**RECORDS SHOWN**:
▽
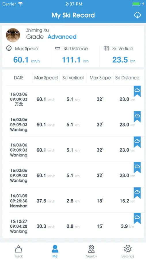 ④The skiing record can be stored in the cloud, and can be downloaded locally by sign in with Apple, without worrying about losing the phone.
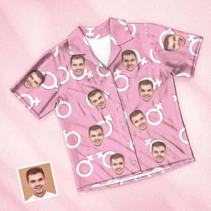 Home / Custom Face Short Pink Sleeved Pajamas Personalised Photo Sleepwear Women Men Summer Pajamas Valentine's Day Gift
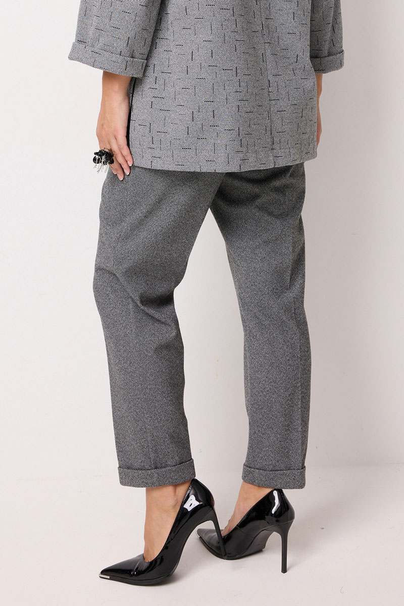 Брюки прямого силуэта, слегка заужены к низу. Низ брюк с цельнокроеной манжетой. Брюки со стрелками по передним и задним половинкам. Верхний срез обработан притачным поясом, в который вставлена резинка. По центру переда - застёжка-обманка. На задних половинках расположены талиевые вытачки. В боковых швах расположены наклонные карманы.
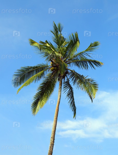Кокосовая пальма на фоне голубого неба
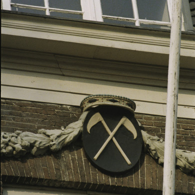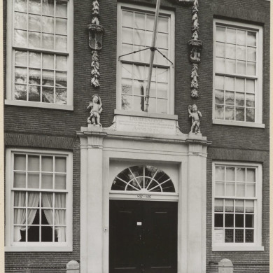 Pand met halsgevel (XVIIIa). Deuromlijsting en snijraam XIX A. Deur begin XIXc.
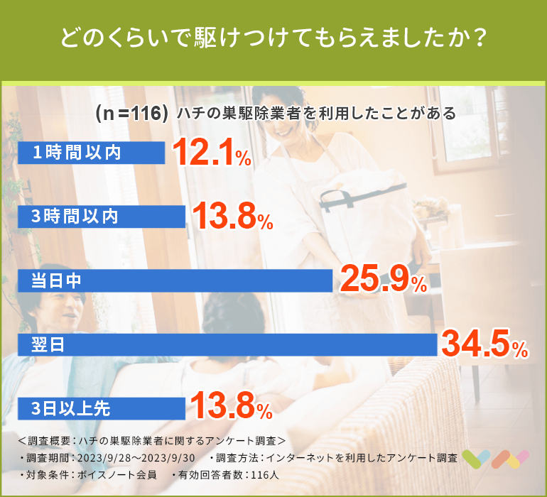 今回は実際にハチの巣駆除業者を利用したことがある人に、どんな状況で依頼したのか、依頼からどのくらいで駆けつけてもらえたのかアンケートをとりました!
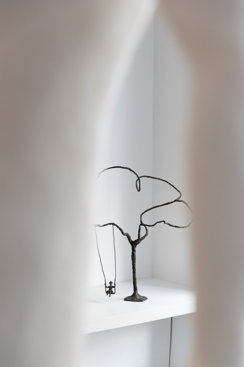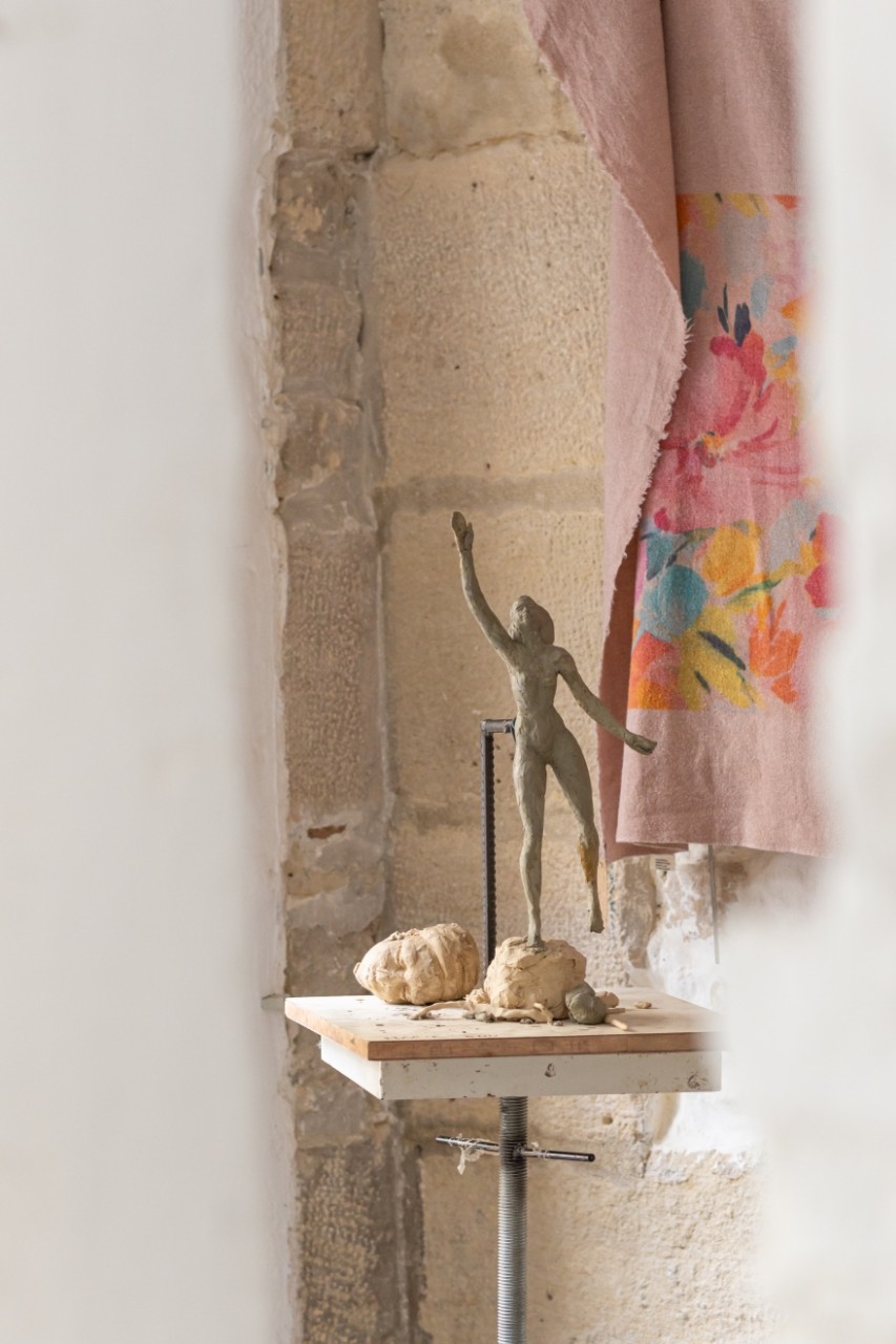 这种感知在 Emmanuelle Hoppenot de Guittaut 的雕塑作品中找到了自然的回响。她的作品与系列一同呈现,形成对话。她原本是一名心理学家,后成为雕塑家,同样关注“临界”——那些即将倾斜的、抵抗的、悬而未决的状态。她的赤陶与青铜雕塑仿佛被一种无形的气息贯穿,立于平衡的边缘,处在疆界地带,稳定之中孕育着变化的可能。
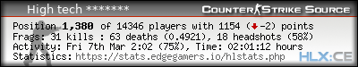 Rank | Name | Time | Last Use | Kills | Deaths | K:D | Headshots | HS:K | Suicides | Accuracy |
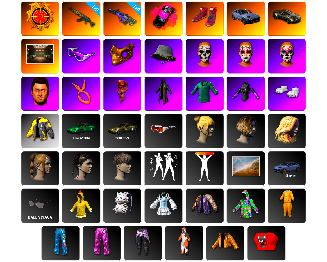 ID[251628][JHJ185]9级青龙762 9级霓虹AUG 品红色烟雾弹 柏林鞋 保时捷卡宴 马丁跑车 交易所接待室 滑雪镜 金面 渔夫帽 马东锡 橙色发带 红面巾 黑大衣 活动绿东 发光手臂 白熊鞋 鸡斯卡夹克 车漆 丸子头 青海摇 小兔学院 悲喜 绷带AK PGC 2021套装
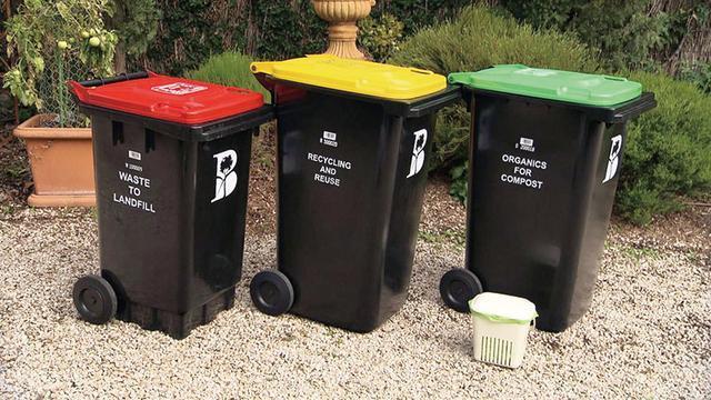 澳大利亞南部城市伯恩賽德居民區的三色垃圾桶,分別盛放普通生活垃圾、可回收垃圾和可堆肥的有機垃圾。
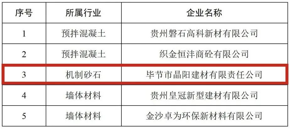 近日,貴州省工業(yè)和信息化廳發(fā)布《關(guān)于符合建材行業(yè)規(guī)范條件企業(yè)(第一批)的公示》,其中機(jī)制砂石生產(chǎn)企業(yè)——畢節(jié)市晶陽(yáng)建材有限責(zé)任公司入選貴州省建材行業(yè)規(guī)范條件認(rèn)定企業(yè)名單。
△
▽
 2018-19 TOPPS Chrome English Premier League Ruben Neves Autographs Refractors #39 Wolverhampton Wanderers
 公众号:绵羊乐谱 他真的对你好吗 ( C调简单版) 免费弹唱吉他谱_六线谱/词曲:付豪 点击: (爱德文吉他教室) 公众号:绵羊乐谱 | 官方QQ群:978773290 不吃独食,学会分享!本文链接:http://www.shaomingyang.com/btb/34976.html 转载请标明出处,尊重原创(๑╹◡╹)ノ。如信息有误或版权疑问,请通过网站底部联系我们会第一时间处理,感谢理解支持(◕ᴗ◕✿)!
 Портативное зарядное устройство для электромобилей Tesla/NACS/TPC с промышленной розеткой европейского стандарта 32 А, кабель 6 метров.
△
**INSTRUCTIONS FOR THE TASK**: Above are some entries; copy exactly the lines from the line with "Pand met halsgevel" through the line with "这种感知在 Emmanuelle Hoppenot", both included, but none of the pictures.

**TASK SOLUTION**:
 Pand met halsgevel (XVIIIa). Deuromlijsting en snijraam XIX A. Deur begin XIXc.
 今回は実際にハチの巣駆除業者を利用したことがある人に、どんな状況で依頼したのか、依頼からどのくらいで駆けつけてもらえたのかアンケートをとりました!
 这种感知在 Emmanuelle Hoppenot de Guittaut 的雕塑作品中找到了自然的回响。她的作品与系列一同呈现,形成对话。她原本是一名心理学家,后成为雕塑家,同样关注“临界”——那些即将倾斜的、抵抗的、悬而未决的状态。她的赤陶与青铜雕塑仿佛被一种无形的气息贯穿,立于平衡的边缘,处在疆界地带,稳定之中孕育着变化的可能。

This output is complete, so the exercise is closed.